> [WORK TO BE COMPLETED]: Please give the whole listing again exactly, without any of its pictures.

> [STUDY MATERIAL]:

----

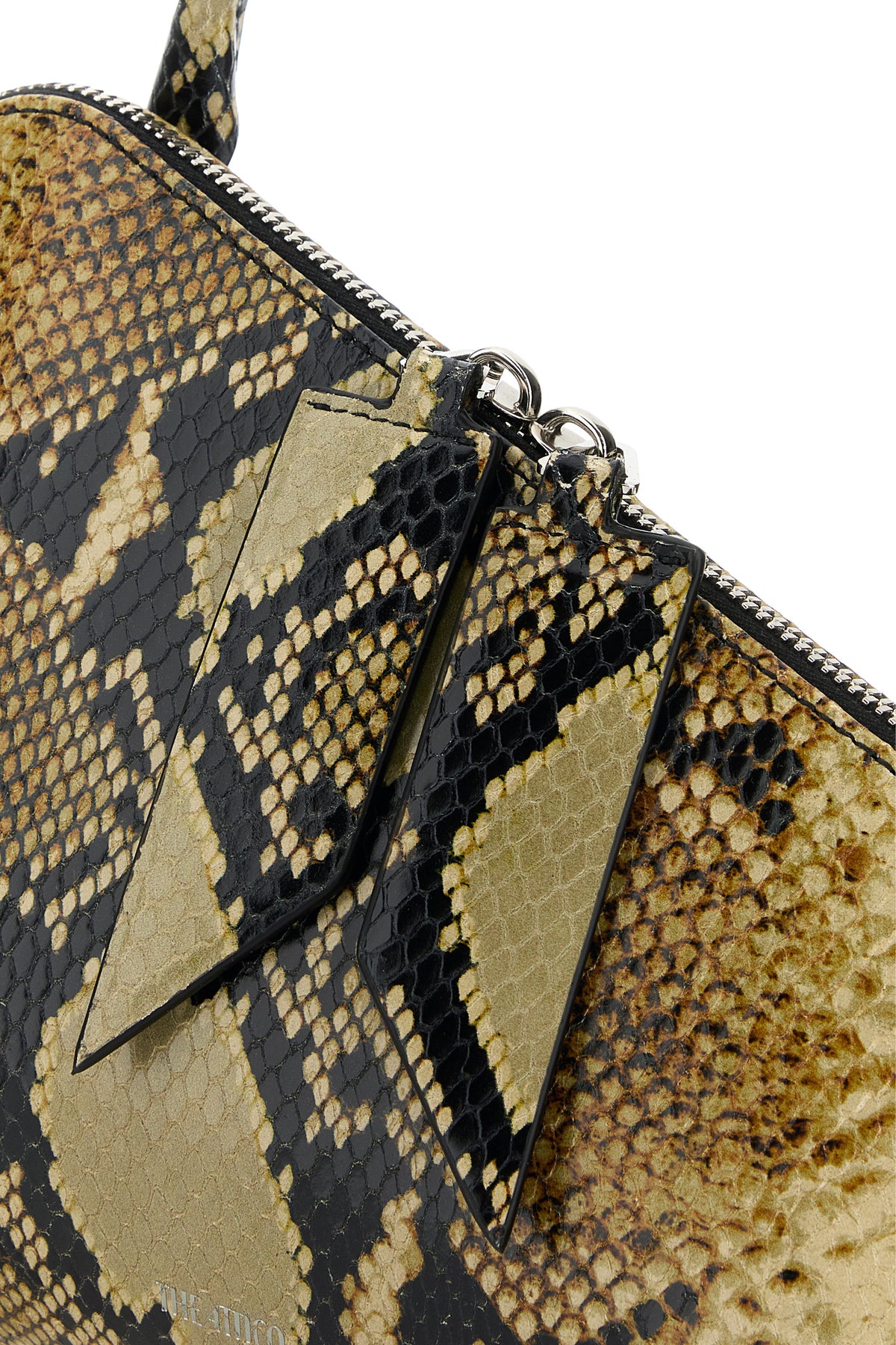 Shoulder bag realized in leather characterized by animal print on the entire surface and laminated printed logo at the front.
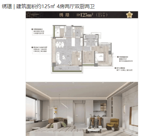 绣璟:建筑面积约125㎡,四房两厅双厨两卫。
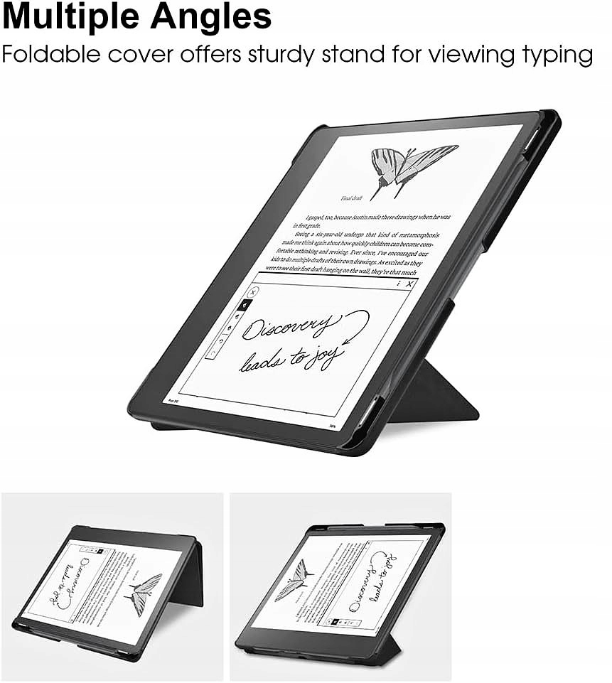 Чехол Durable Lock отлично защищает читателя. Чехол жесткий, но тонкий, его легко хранить и переносить. Поэтому он подходит для внутри и снаружи. В корпусе имеется встроенный держатель для сенсорного стилуса и вырезы для элементов управления. Ридер можно надежно зафиксировать в пластиковом контейнере, поэтому риск его выпадения исключен. В то же время весь дисплей удобно доступен. Материал хорошо стирается и не задерживает грязь. Чехол точно подходит только для модели Kindle Scribe (10,2"). Благодаря функции автоматического сна/пробуждения вам не понадобится никакая кнопка активации. Дизайн сдержанный и простой, но в то же время очень практичный благодаря встроенной подставке, которую можно сложить во многих положениях. Материалы премиум-класса - изготовлены из прочной синтетической кожи с мягкой внутренней частью, предотвращающей появление царапин. Твердое заднее покрытие надежно фиксирует ридер - он плотно прилегает и прочный.
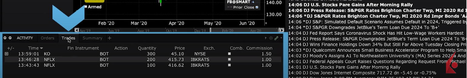 The Orders tab in the Activity panel will provide you with an update on your open order, and details on filled orders will display on the Trades tab.
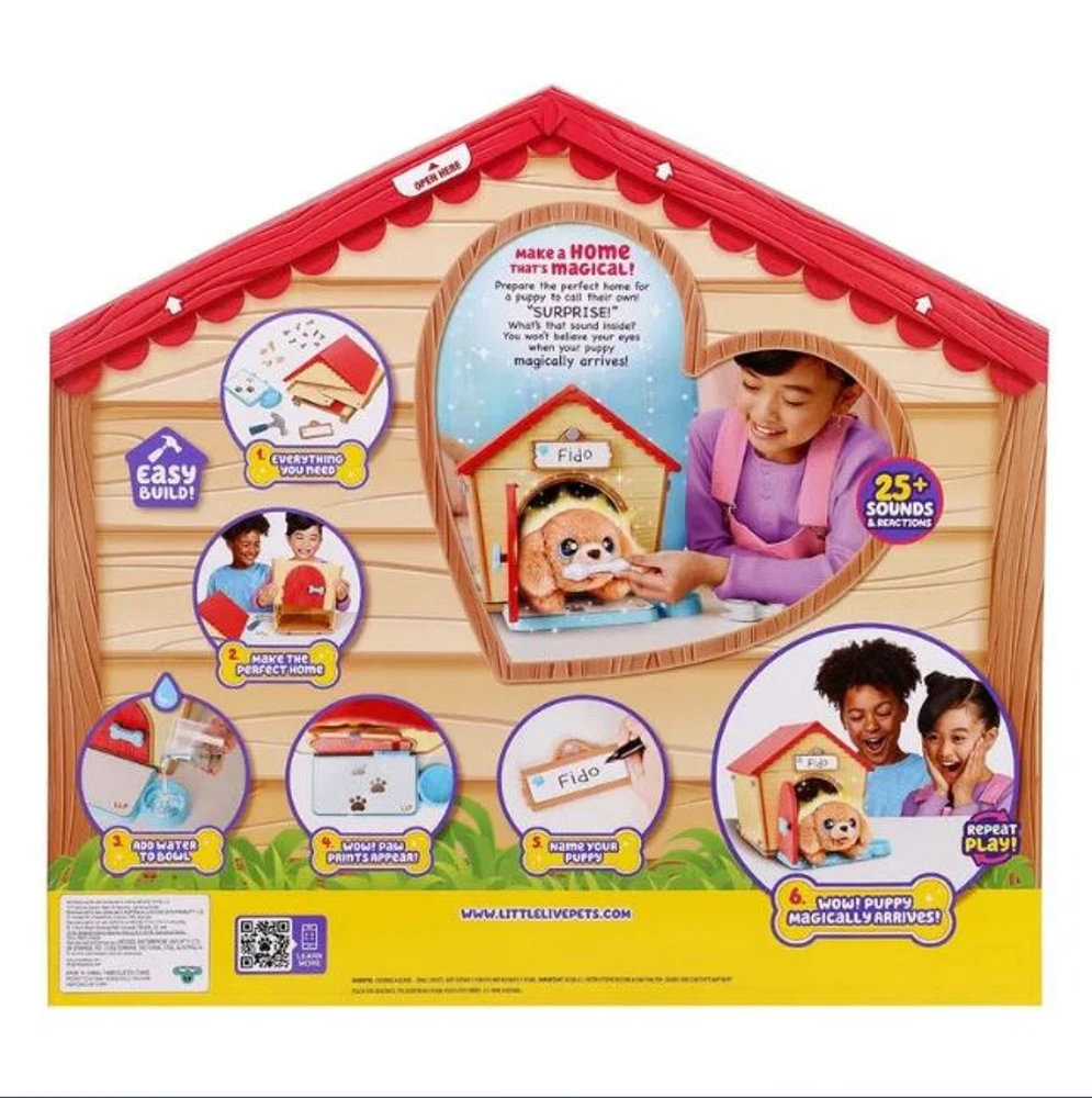 Little Live Pets Casa dos Filhotes.My Puppy's Home vem como um pacote plano com todas as ferramentas e peças que seu filho precisa para construir uma linda casinha de cachorro. Depois que as paredes e o teto estiverem montados, é hora de estender o tapete de boas-vindas e encher a tigela de água do filhote. As crianças ficarão maravilhadas quando virem pegadas fofas aparecerem magicamente no tapete! Agora é hora da verdadeira surpresa acontecer. O que é esse som vindo de dentro? Abra a porta! Uau! Um lindo cachorrinho de estimação apareceu do nada para seu filho brincar! Este doce cachorrinho é tão brincalhão

----

> [WRITTEN ANSWER]:
 Shoulder bag realized in leather characterized by animal print on the entire surface and laminated printed logo at the front.
 绣璟:建筑面积约125㎡,四房两厅双厨两卫。
 Чехол Durable Lock отлично защищает читателя. Чехол жесткий, но тонкий, его легко хранить и переносить. Поэтому он подходит для внутри и снаружи. В корпусе имеется встроенный держатель для сенсорного стилуса и вырезы для элементов управления. Ридер можно надежно зафиксировать в пластиковом контейнере, поэтому риск его выпадения исключен. В то же время весь дисплей удобно доступен. Материал хорошо стирается и не задерживает грязь. Чехол точно подходит только для модели Kindle Scribe (10,2"). Благодаря функции автоматического сна/пробуждения вам не понадобится никакая кнопка активации. Дизайн сдержанный и простой, но в то же время очень практичный благодаря встроенной подставке, которую можно сложить во многих положениях. Материалы премиум-класса - изготовлены из прочной синтетической кожи с мягкой внутренней частью, предотвращающей появление царапин. Твердое заднее покрытие надежно фиксирует ридер - он плотно прилегает и прочный.
 The Orders tab in the Activity panel will provide you with an update on your open order, and details on filled orders will display on the Trades tab.
 Little Live Pets Casa dos Filhotes.My Puppy's Home vem como um pacote plano com todas as ferramentas e peças que seu filho precisa para construir uma linda casinha de cachorro. Depois que as paredes e o teto estiverem montados, é hora de estender o tapete de boas-vindas e encher a tigela de água do filhote. As crianças ficarão maravilhadas quando virem pegadas fofas aparecerem magicamente no tapete! Agora é hora da verdadeira surpresa acontecer. O que é esse som vindo de dentro? Abra a porta! Uau! Um lindo cachorrinho de estimação apareceu do nada para seu filho brincar! Este doce cachorrinho é tão brincalhão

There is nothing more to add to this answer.